Let us begin with what Tantra is not.

Tantra is not primarily a sexual practice. The Western understanding — shaped by a mix of Victorian scandal, countercultural appropriation, and marketing — has reduced one of the most sophisticated spiritual systems ever developed to a euphemism for spiritualised sex.

The actual tradition is something entirely different. And vastly more interesting.

The word Tantra comes from the Sanskrit root tan — to weave or expand — and tra — instrument or method. A Tantra is literally an instrument for expansion — a complete system of practice for expanding consciousness.

Tantric texts — which number in the thousands, spanning Shaiva, Shakta, Vaishnava, and Buddhist lineages — cover philosophy, cosmology, ritual, mantra, yantra, meditation, initiation, ethics, medicine, astrology, and much more. They represent the most comprehensive body of practical spiritual knowledge in human history.

The central philosophical departure of Tantra from other Indian schools is its attitude toward the world and the body.

Classical Vedanta tends toward renunciation — the world is Maya, the body is an obstacle, the senses lead astray. Patanjali's yoga is built on restraint, discipline, the gradual withdrawal of consciousness from matter.

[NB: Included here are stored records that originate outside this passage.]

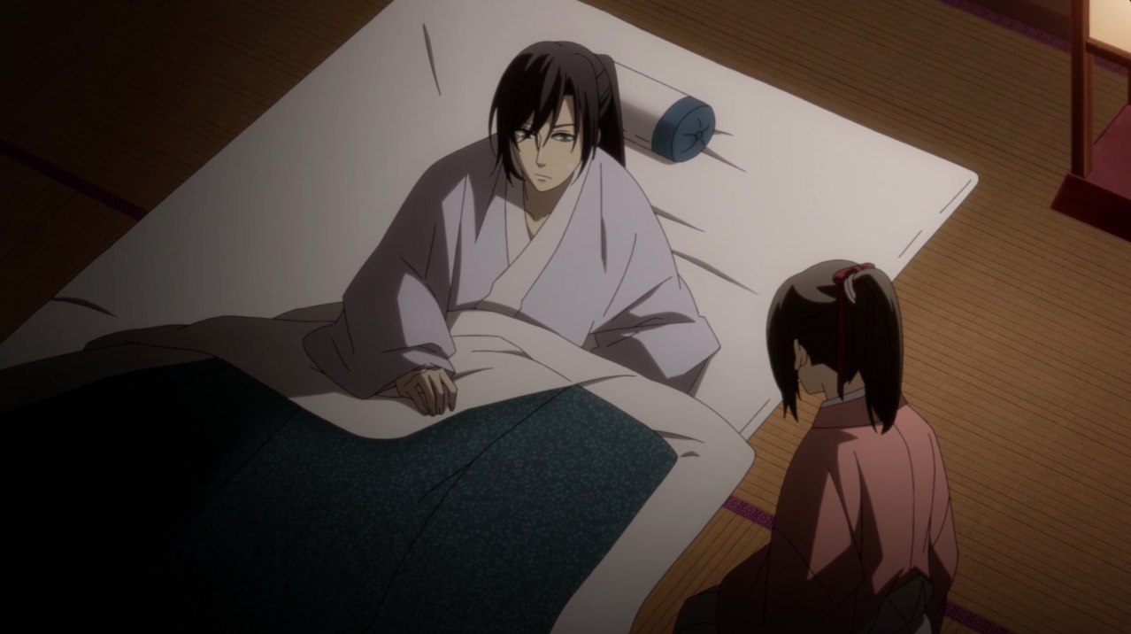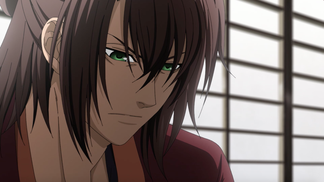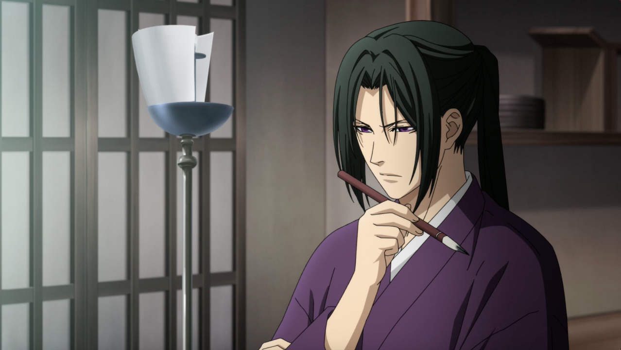 The scene after the OP immediately showed Chizuru’s interaction with Hijikata while he’s in the middle of writing his haiku. It’s very cute how Chizuru blushed and tried her best not to sound rude about Hijikata’s hobby, and Hijikata trying to hide his love for this hobby of his, as he knew he was bad at it yet couldn’t help but continue writing because he loved it. This short but sweet moment was enough to show the kind of man Hijikata was: Cold on the outside, but warm on the inside. When Chizuru went missing, he prioritized in keeping their manpower to protect the Shogun as they were ordered to, placing the search for Chizuru and Sakai as secondary. Despite that, he didn’t stop the other captains to look for Chizuru and Sakai, and remembered his last conversation with Chizuru prior, showing how much Hijikata was actually worrying for her well-being. His position as vice-commander didn’t let him to show his worry. Honestly, I felt bad for Sakai here because the captains mainly only mentioned Chizuru and hardly mentioned him even though he also went missing.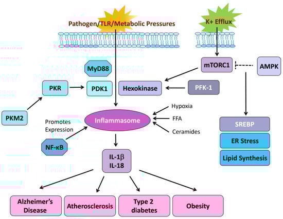 The inflammasome is a multi-protein complex composed of NOD-like domain proteins that can promote the secretion of cytokines such as IL-1β and IL-18 in response to infectious microbes or cellular stress [73]. The nucleotide-binding and oligomerization domain-like receptor, leucine-rich repeat and pyrin domain-containing 3 (NLRP3) inflammasome is the best-characterized inflammasome in humans and mice composed of an adaptor protein and procaspase-1 [74]. The assembly of the inflammasome complex will trigger the cleavage of procaspase-1 to p10 and p20 products that will in turn activate pro-IL-1β and pro-IL-18 into their active products, IL-1β and IL-18 [75]. High amounts of caspase-1 will trigger “pryoptosis” or caspase-1-mediated cell death. It is currently known that, in addition to pathogen stimuli, the inflammasome is also influenced by metabolic changes such as changes in glycolysis, membrane electrolyte fluxes and mitochondrial stress. Because of these aforementioned observations of the inflammasome, a number of recent publications have implicated the activation of the NLRP3 inflammasome to a variety of metabolic diseases including obesity, atherosclerosis and type 2 diabetes [76]. It was speculated that under normal physiology, the NLRP3 inflammasome complex maintained metabolic balance. However, upon chronic activation (e.g., in obesity or hypercholesterolemia), NLRP3 became pathologic and promoted disease [77]. Figure 2 schematically illustrates the complexity of inflammasome biology, including important links to metabolic signaling. It has been documented that K+ efflux agonists enhance mTORC1 activation, increasing expression of hexokinase 1 (HK1) and leading to NLRP3 activation [77]. Pyruvate kinase, isoform M2 (PKM2)-dependent expression of pyruvate dehydrogenase kinase 1 (PDK1) and the resulting phosphorylation of PKR have also been linked to K+ efflux, resulting in the stimulation of inflammasome signaling [73]. The relative expression and activity of PKM2 and PDK1 control the fate of pyruvate and play a major role in the cancer-related “Warburg effect”, mechanistically implying a role of the inflammasome in tumor metabolism.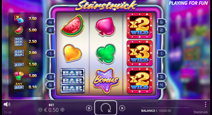 「Starstruck」は3×3リールのシンプルなクラシックスロットで、第2リールの中央に星型のシンボルが停止するとボーナスゲームが始まります。

Tantra says: no. The world is not Maya — it is Shakti. The body is not an obstacle — it is the temple. The senses are not enemies — they are gates. Energy is not something to be suppressed — it is the very substance of liberation.

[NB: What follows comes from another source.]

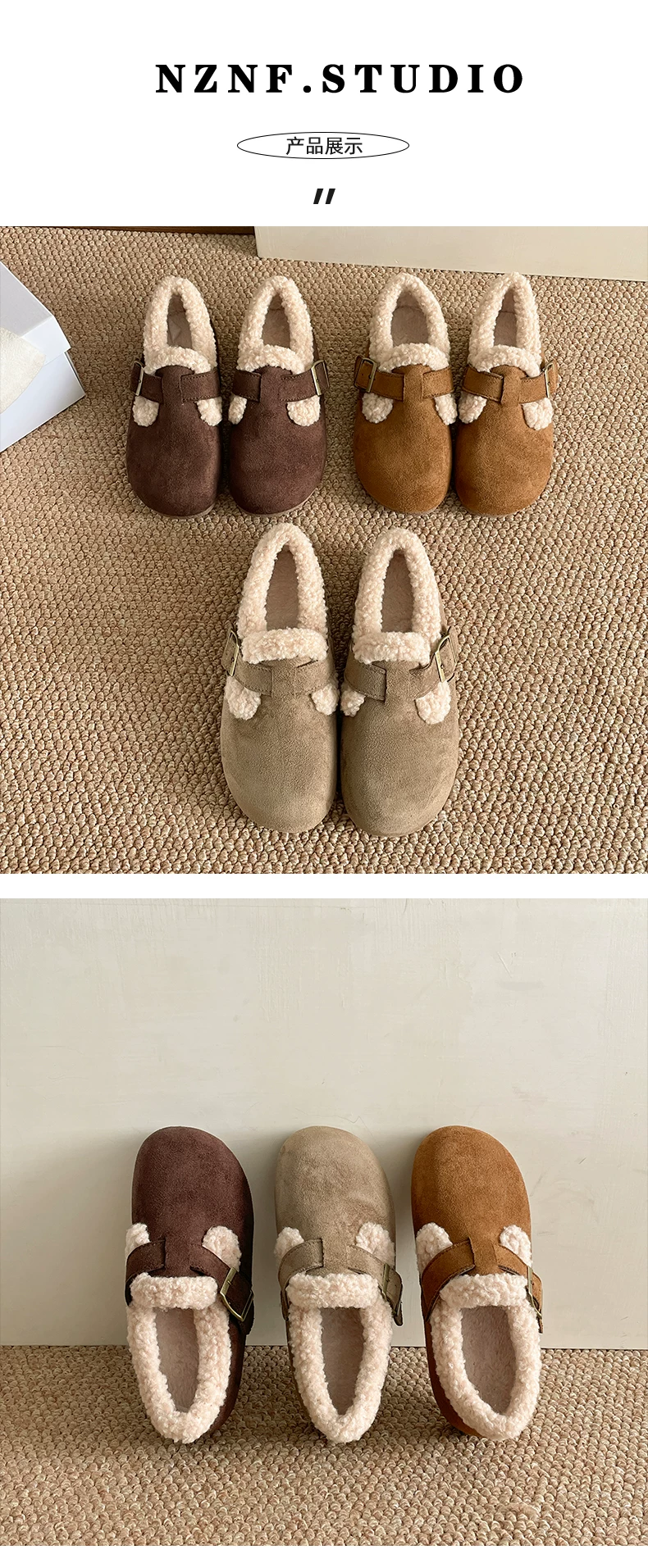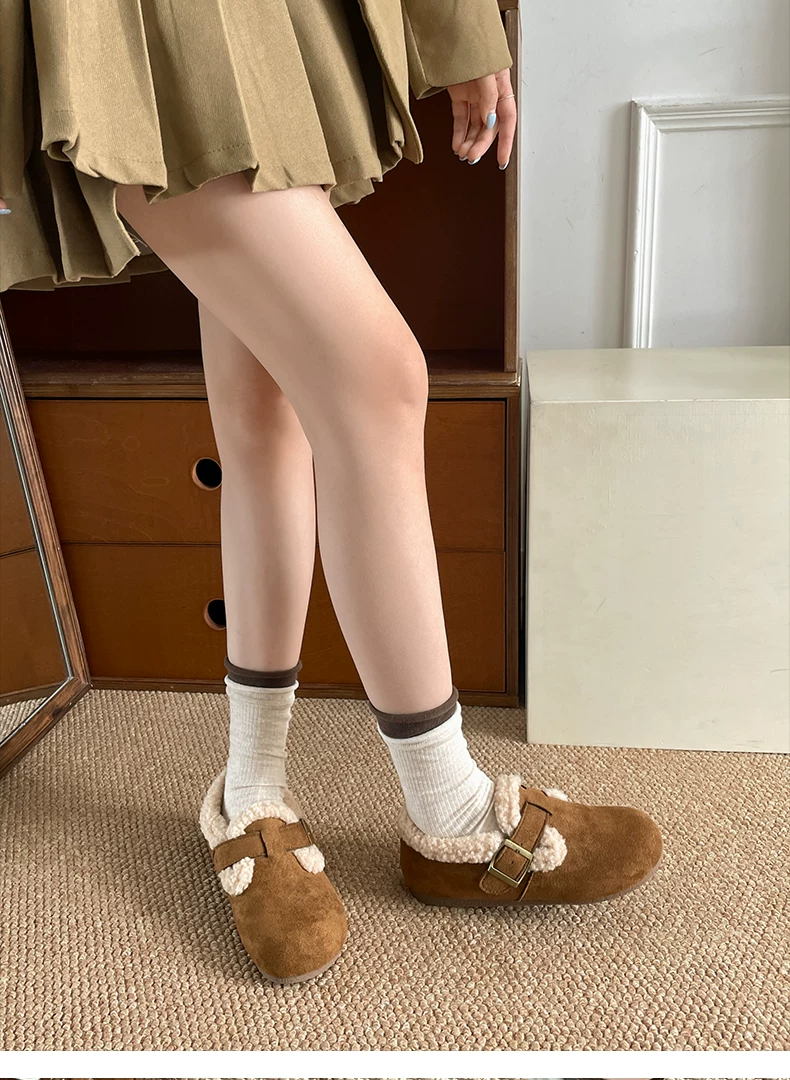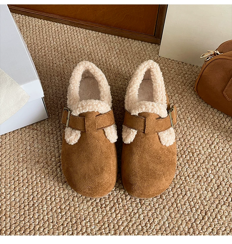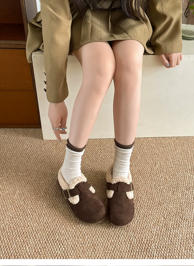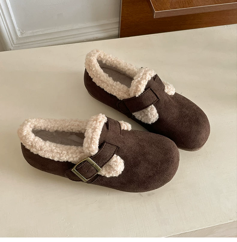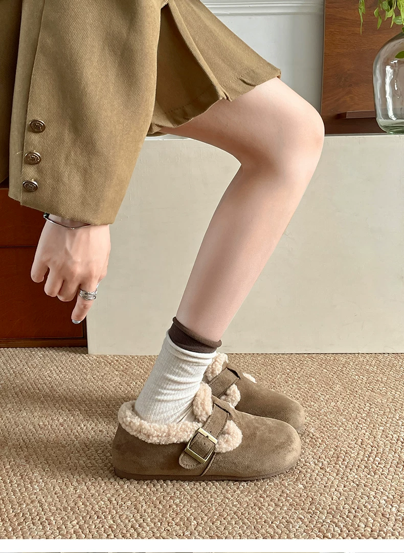 - Giày Birkenstock nhung đế bằng màu nâu cổ điển dành cho nữ, kiểu dáng thu đông 2025 mới, phối cùng chân váy và giày bông giữ ấm đi tuyết

The same energy that binds, liberates. The poison becomes the medicine when the alchemist knows what to do with it.

This is the Tantric principle of transformation rather than renunciation. You do not escape samsara — the cycle of ordinary experience — by withdrawing from it. You transform your relationship to it by recognising its true nature.

Shakti — the divine feminine energy — is not separate from Shiva — pure Consciousness. They are one reality. The world is not a veil over the divine. It is the divine dancing.

This recognition does not come easily. It requires initiation, practice, the guidance of a qualified teacher. The Tantric path is not a permission slip for self-indulgence. It is one of the most demanding paths available — precisely because it does not allow the retreat into renunciation. You must meet the world fully, and recognise the divine in it fully, and neither bypass nor be consumed by what you find.

That is Tantra. Not a technique. A way of seeing.